Pour in the water and starter and stir together until just moistened. Beat 40 strokes, scraping the bottom and the sides of the bowl, until the dough forms a thick, spongy mass.
Transfer dough to an oiled crockpot or an oiled large glass bowl. Cover the bowl with plastic wrap or a large plate and let ferment at room temperature for 12 to 24 hours, or until the dough is bubbly on the surface, has a sponge-like appearance and has either doubled or risen by half.
Use right away or place the bowl, covered with plastic wrap, in the refrigerator for up to three days.
When dough is ready, place it on a generously floured surface and dust with more flour.

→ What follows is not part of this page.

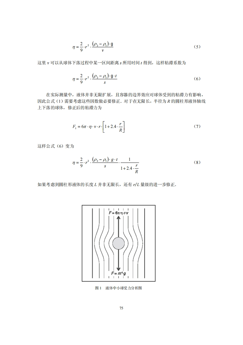 实验十一落球法测液体的粘滞系数粘滞系数是液体的重要性质之一,它反映液体流动行为的特征.粘滞系数与液体的性质,温度和流速有关,准确测量这个量在工程技术方面有着广泛的实用价值.如机械的润滑,石油在管道中的传输,油脂涂料,医疗和药物等方面,都需测定粘滞系数.测量液体粘滞系数方法有多种,落球法(又称Stokes法)是最基本的一种,它可用于测量粘度较大的透明或半透明液体,如蓖麻油,变压器油,甘油等.【实验目的】1.学习和掌握一些基本物理量的测量:2.学会落球法测定液体的粘滞系数.【实验原理】一个在液体中运动的物体会受到一个与其速度反方向的摩擦力,这个力的大小与物体的几何形状、物体的速度以及液体的内摩擦力有关.液体的内摩擦力可用粘滞系数来表征.对于一个在无限扩展液体中以速度v运动的半径为r的球形物体,斯托克斯(GG.Stokes)推导出该球形物体受到的摩擦力即粘滞力为F=6π…nv…r(1)当一个球形物体在液体中垂直下落时,它要受到三种力的作用,即向上的粘滞力F、向上的液体浮力F2和向下的重力F3.球体受到液体的浮力可表示为.r3.pg(2)3上式中ρ1为液体的密度,g为重力加速度.球体受到的重力为5=42pg(3)3式中ρ2为球体的密度.当球体运动某一时间后,上述三种力将达到平衡,即F+F=F(4)此时,球体将以匀速ⅴ运动(v也称为收尾速度).因此,可以通过测量球体的下落速度'来确定液体的粘滞系数:多

Flour your hands. Using a dough scraper or floured hands, scrape the dough up and over itself, flouring and turning it as you go, for 12 to 15 turns, or until dough is soft and not sticky. Dust very lightly with flour.
With floured hands, work the dough as little as possible and form it into a wide 10-12 inch batard. Pinch the ends and all seams closed, and lightly flour sticky spots. The dough should be smooth and soft, and not sticky. If sticky, add a bit more flour.
Prepare a baking sheet or cutting board. Line it with a clean kitchen cloth, or parchment paper, and dust it with flour. Without moving your batard too much, use a dough scraper or well-floured hands to slide your dough onto the floured surface.
Cover the dough with plastic wrap sprayed with oil, oily side down. Let rest at room temperature for 5 to 8 hours.